An 82-year-old nursing home resident comes to you with symptoms of pyrexia, myalgia, and coryza that have been present for 48 hours. During the examination, you notice that the patient has a temperature of 37.9ºC and is visibly coryzal. Upon auscultation, her chest is clear. A chest X-ray also shows no abnormalities. The patient’s family members inform you that the nursing home has recently been closed to visitors due to an outbreak of Influenza. Given this information, what medication should you consider adding to the patient’s treatment plan?

MRCP2-2862

A 70-year-old man visits the tuberculosis clinic with complaints of worsening lower back pain over the past 6 months. Despite taking analgesics, the pain has become unbearable and has affected his mobility. He lives with his wife on their farm and has been independent until now. His medical history includes hypertension, diet-controlled type 2 diabetes mellitus, and benign prostatic hypertrophy. He had tuberculosis at the age of 25, but he cannot recall the treatment he received. An MRI of his spine reveals lumbar 4/5 discitis, and a biopsy is scheduled, which grows acid-fast bacilli on culture. What is the appropriate treatment regimen for this patient?

MRCP2-2863

A 30-year-old man presents to his primary care physician with a two-month history of dysphagia and odynophagia. He has a medical history of HIV but is non-compliant with his anti-retroviral treatment.

Observations:

Heart rate: 88 beats per minute
Blood pressure: 120/72 mmHg
Respiratory rate: 18/minute
Oxygen saturations: 98% on room air
Temperature: 37ºC

During the examination, white patches are observed on the gums, tongue, and extending beyond the pharynx. Other than that, the examination is unremarkable.

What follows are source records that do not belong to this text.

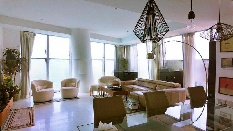 This well-maintained 3-bedroom, 4-bathroom unit boasts an open-concept living and dining area, perfect for entertaining. The modern leather sofa invites relaxation, while the glass dining table and geometric pendant lights add a contemporary touch. Each bedroom features wood flooring and large windows, offering a peaceful retreat with minimalist decor. Step outside to enjoy the expansive lap pool and wooden decking, ideal for sun-soaked afternoons and gatherings with friends.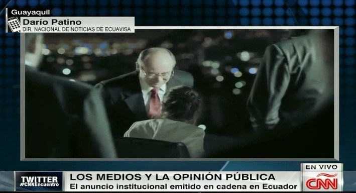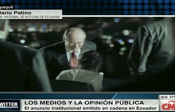 “Ecuavisa hace uso de su derecho a expresarse, y decir, bajo la indicación de protesta, que no está de acuerdo con esa cadena obligada, con el hecho de transmitir una cadena obligada que va contra los sectores de la sociedad y que los estigmatiza negativamente”. Así se refirió el director nacional de noticias, Dario Patiño, en una entrevista concedida al canal CNN en Español, a la difusión del spot denominado “La verdadera libertad”, por parte de la Secretaría Nacional de Comunicación.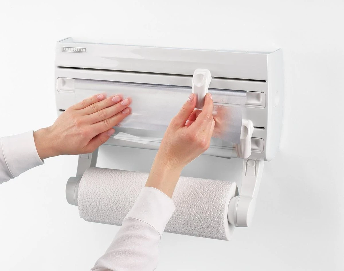 Fijn toch, wanneer je alles bij de hand hebt? Aluminiumfolie, vershoudfolie, keukenrol, kruiden. Rollenhouder Parat F2 heeft voor alles een plekje. Je kunt er kruidenpotjes op zetten, er zijn twee gesloten vakken met aluminium- en vershoudfolie en op een derde houder hangt de keukenrol altijd onder handbereik. De keukenrolhouder is afneembaar en heeft een geïntegreerde rem. Zo kun je het keukenpapier met één hand vel voor vel afscheuren. Even handig zijn de vlijmscherpe messen, die aluminium- en vershoudfolie hygiënisch en exact afsnijden. Geen lelijk afgescheurde folieranden meer en geen gepruts meer met het begin dat niet te vinden is. De folie-einden steken na iedere keer afsnijden ver genoeg uit de rolhouder – altijd gebruiksklaar en gemakkelijk vast te pakken. De messen zijn veilig achter de ergonomisch gevormde snijschuivers weggewerkt. De rollenhouder is eenvoudig aan de wand te bevestigen en snel en gemakkelijk vanaf de voorkant te vullen. Geschikt voor alle gangbare afmetingen keukenpapier. Handig: op de plek van een oude hang je zó een nieuwe op want de boorgaten komen bij alle Leifheit Parat modellen op dezelfde plek. Met pluggen en schroeven.
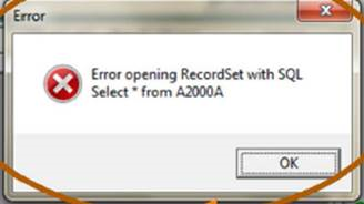 The message provides a clue to the problem encountered. "Error in opening RecordSet"... is hinting to an issue with opening a database file that contains various records. The only database files used in AutoPIPE Nozzle are related to Material files. Therefore, there is an issue with one or more of the 4 material database files installed by AutoPIPE Nozzle. Also, if there is a user defined material database file, the specific file may be missing or corrupted.
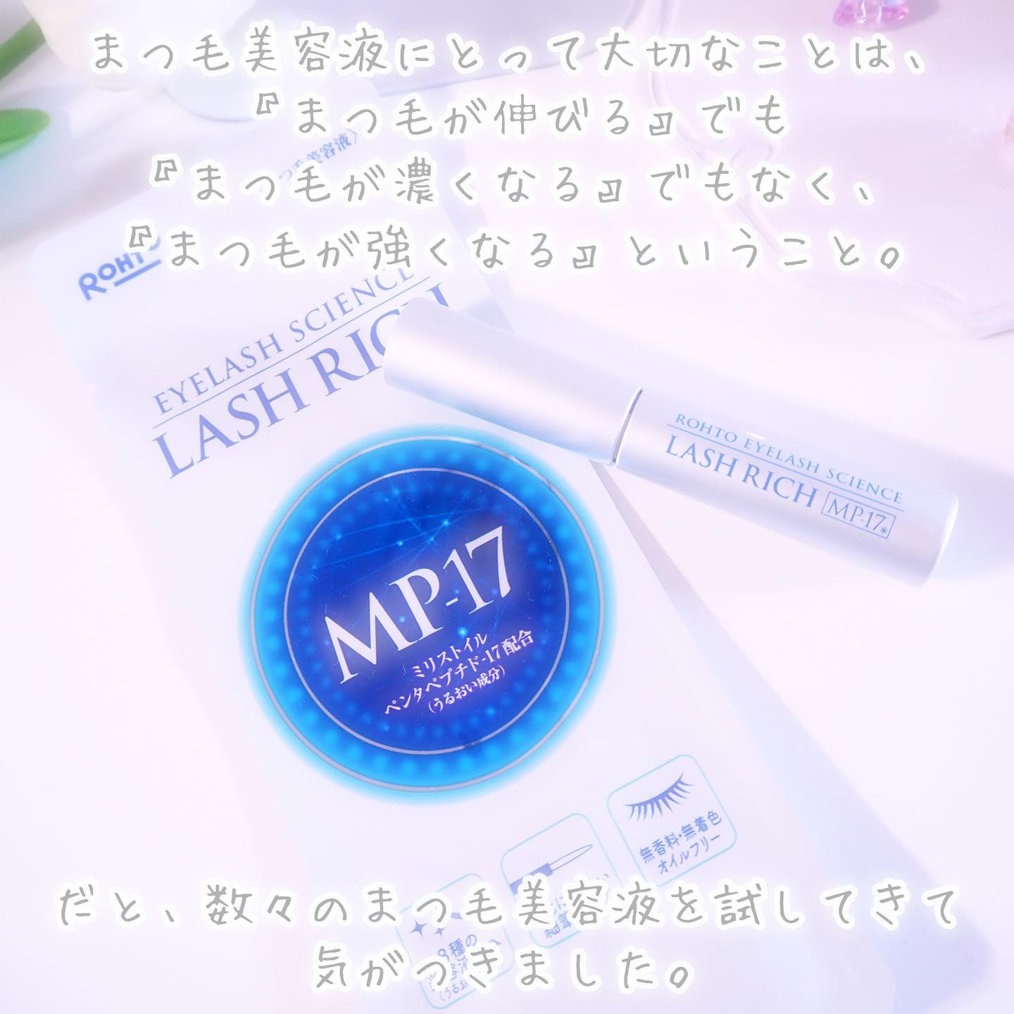 なめらかな使用感の細筆になっていて、まつ毛に塗りやすいです。みずみずしいテクスチャーの美容液で、すっと塗ることが出来ます。 ”ロート製薬が本気で作ったまつ毛美容液” 目の周りや毛髪、皮膚に至るまで多角的に研究を行ってきたロート製薬だからこそ出来た「MP-17(ミリストイルペンタペプチド-17)」配合の国内唯一のまつ毛美容液。

What is the most suitable treatment?

MRCP2-2864

A 47-year-old man presents to the acute medical unit with a 3-week history of pain and difficulty when swallowing. He reports a weight loss of approximately 2-3 kg due to reduced oral intake. The patient has a medical history of previous hospital admissions for lower respiratory tract infections and lower limb deep vein thrombosis.

Upon examination, the patient appears cachectic with multiple well-defined white plaques over the oral mucosa. His abdomen is soft and non-tender with no palpable masses.

CD4 count < 100 cells/mm³ What is the most appropriate course of action for managing this patient?

MRCP2-2865

A 26-year-old female came to the clinic complaining of dysuria and a recent onset of vaginal discharge. She has been engaging in unprotected sexual activity with a new male partner for the past six weeks. Her NAAT test showed positive results for Chlamydia and negative for gonorrhoeae infection. She is currently on her menstrual cycle.

What is the recommended initial treatment for this infection?